Task prompt —
Every picture is to be removed, and all the data is to be copied exactly.

Study material —

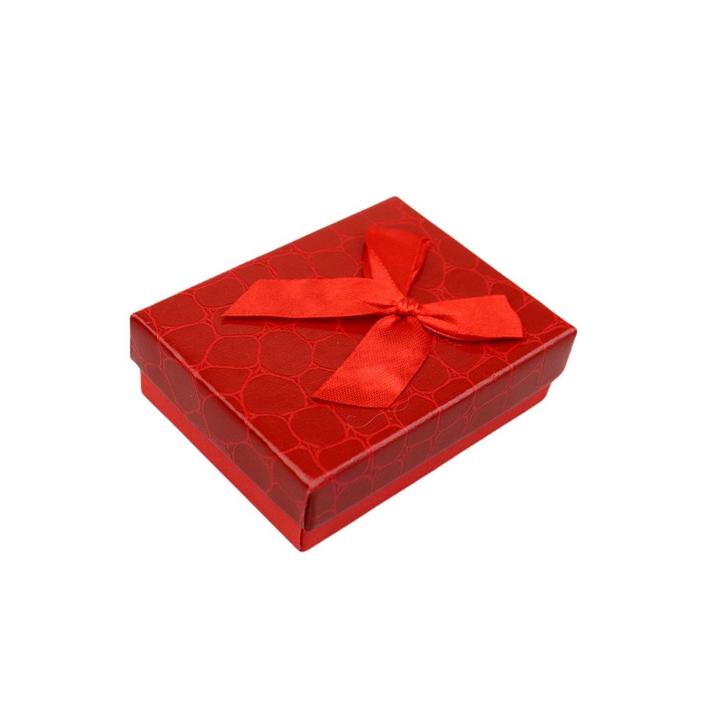 Krásná dárková papírová krabička se saténovou mašličkou je vhodná zejména k zabalení šperků a bižuterie. Uvnitř je vyjímatelná molitanová výplň s průřezem na prsten a náušnice, ale využijete ji i na náramky, řetízky a drobné šperky.
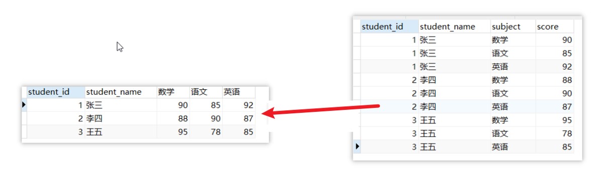 (3, '王五', '英語', 85);2. 行轉(zhuǎn)列實(shí)現(xiàn)方法
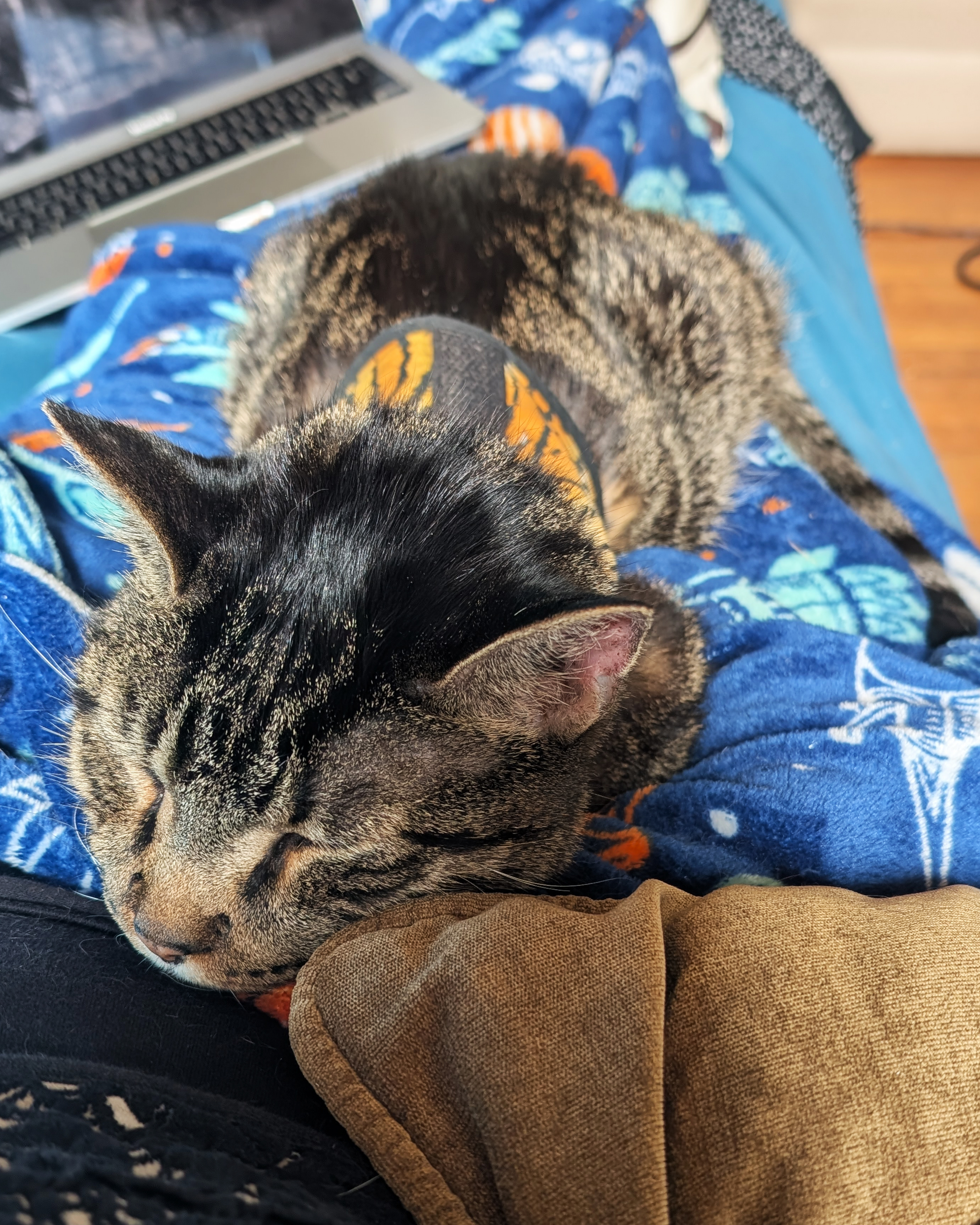 It's quite cold out today (below freezing), and in a dramatic shift from the usual issues with my apartment building, the heat is completely out. (Apparently a boiler problem they're working to repair.) Gen is very kindly helping me stay warm.
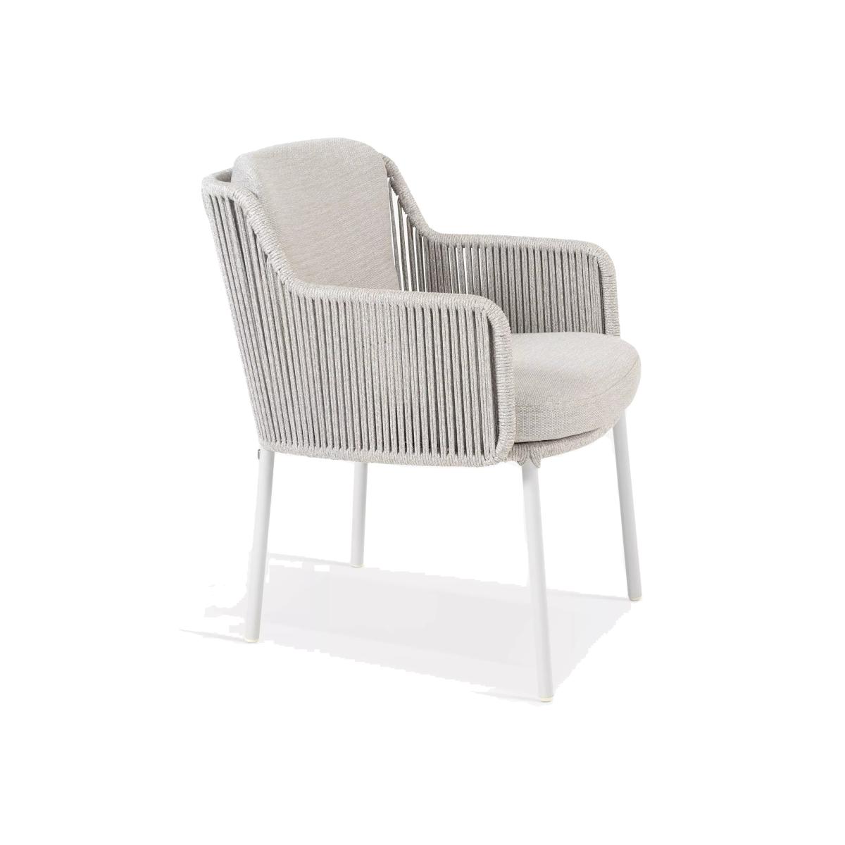Contemporary and weather-resistant pair of Bernini garden dining chairs from 4 Seasons Outdoor. The rope-like design on the armchairs is handwoven with a high-quality, durable weave. All the rope materials have a polypropylene base or weave, ensuring the rope remains taut. The rope contains no hazardous materials and can be fully recycled at the end of its lifetime. The foam-filled seat and backrest cushions give you comfortable support and the covers are removable and machine-washable for easy cleaning. The sturdy chair frames and legs are made of powder-coated stainless steel. Key features: Pair of Bernini garden dining chairs Sturdy powder-coated stainless steel frames and legs Rope-like durable weave on the chairs Seat and backrest cushions with machine washable covers Weather-resistant Fully assembled for immediate use Garden furniture care: To keep your outdoor furniture in the best condition, store it in a cool, dry, well-ventilated spot indoors over the winter. If it’s staying outside, use an outdoor furniture cover whenever the weather is wet or unseasonal. Make sure furniture is clean and dry before storing it away, and keep cushions in a clean and dry place when not in use.
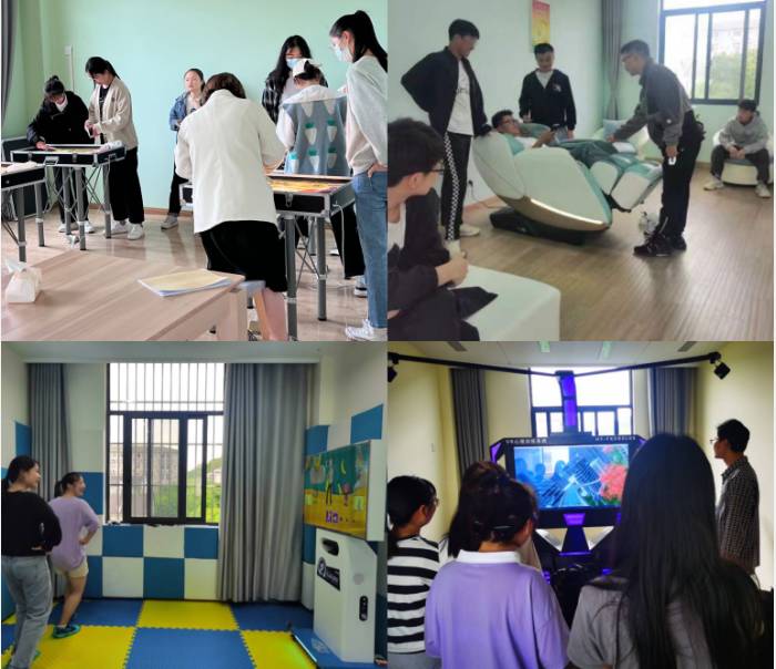 轻松愉悦的心理健康教育中心体验日、开放日活动。学生在参与活动过程中通过参观心理健康教育中心,体验各项设备如按摩放松椅、VR心理测试仪、宣泄设备、涂鸦墙、音乐放松椅等更加了解学校心理健康教育工作,消除学生的心理顾虑。让同学们在中心感受放松、愉悦,同时保证心理健康教育效果。
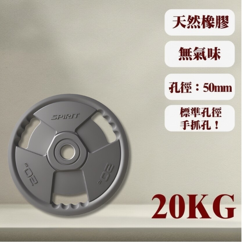 SPIRIT 三孔天然橡膠槓片環保 無毒 耐摔 槓片 舉重槓片 重量訓練槓片20KG
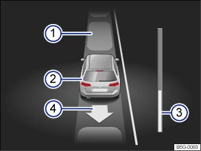 | Der Parklenkassistent übernimmt während des Ausparkvorgangs nur die Lenkbewegungen. Der Fahrer bedient das Gaspedal, ggf. die Kupplung und die Gangschaltung sowie die Bremse. | |
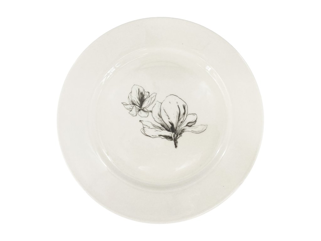 Dezertní talíř Fine Twig, bílá s dekorem magnolie v šedožluté barevné kombinaci.
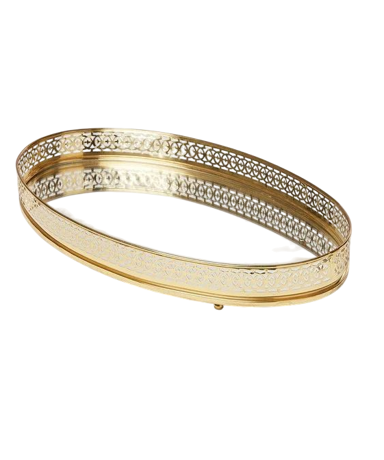 Antique Brass Finishing Decorative Metal and mirror Tray Rectangle shape With Vintage Style
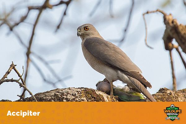 Another common avivore is the accipiter. Accipiters are a group of medium to large hawks. They have long tails and short, broad wings, and their diet consists primarily of birds, which they hunt by stealthily approaching their prey from behind before attacking.

Result —
 Krásná dárková papírová krabička se saténovou mašličkou je vhodná zejména k zabalení šperků a bižuterie. Uvnitř je vyjímatelná molitanová výplň s průřezem na prsten a náušnice, ale využijete ji i na náramky, řetízky a drobné šperky.
 (3, '王五', '英語', 85);2. 行轉(zhuǎn)列實(shí)現(xiàn)方法
 It's quite cold out today (below freezing), and in a dramatic shift from the usual issues with my apartment building, the heat is completely out. (Apparently a boiler problem they're working to repair.) Gen is very kindly helping me stay warm.
Contemporary and weather-resistant pair of Bernini garden dining chairs from 4 Seasons Outdoor. The rope-like design on the armchairs is handwoven with a high-quality, durable weave. All the rope materials have a polypropylene base or weave, ensuring the rope remains taut. The rope contains no hazardous materials and can be fully recycled at the end of its lifetime. The foam-filled seat and backrest cushions give you comfortable support and the covers are removable and machine-washable for easy cleaning. The sturdy chair frames and legs are made of powder-coated stainless steel. Key features: Pair of Bernini garden dining chairs Sturdy powder-coated stainless steel frames and legs Rope-like durable weave on the chairs Seat and backrest cushions with machine washable covers Weather-resistant Fully assembled for immediate use Garden furniture care: To keep your outdoor furniture in the best condition, store it in a cool, dry, well-ventilated spot indoors over the winter. If it’s staying outside, use an outdoor furniture cover whenever the weather is wet or unseasonal. Make sure furniture is clean and dry before storing it away, and keep cushions in a clean and dry place when not in use.
 轻松愉悦的心理健康教育中心体验日、开放日活动。学生在参与活动过程中通过参观心理健康教育中心,体验各项设备如按摩放松椅、VR心理测试仪、宣泄设备、涂鸦墙、音乐放松椅等更加了解学校心理健康教育工作,消除学生的心理顾虑。让同学们在中心感受放松、愉悦,同时保证心理健康教育效果。
 SPIRIT 三孔天然橡膠槓片環保 無毒 耐摔 槓片 舉重槓片 重量訓練槓片20KG
 | Der Parklenkassistent übernimmt während des Ausparkvorgangs nur die Lenkbewegungen. Der Fahrer bedient das Gaspedal, ggf. die Kupplung und die Gangschaltung sowie die Bremse. | |
 Dezertní talíř Fine Twig, bílá s dekorem magnolie v šedožluté barevné kombinaci.
 Antique Brass Finishing Decorative Metal and mirror Tray Rectangle shape With Vintage Style
 Another common avivore is the accipiter. Accipiters are a group of medium to large hawks. They have long tails and short, broad wings, and their diet consists primarily of birds, which they hunt by stealthily approaching their prey from behind before attacking.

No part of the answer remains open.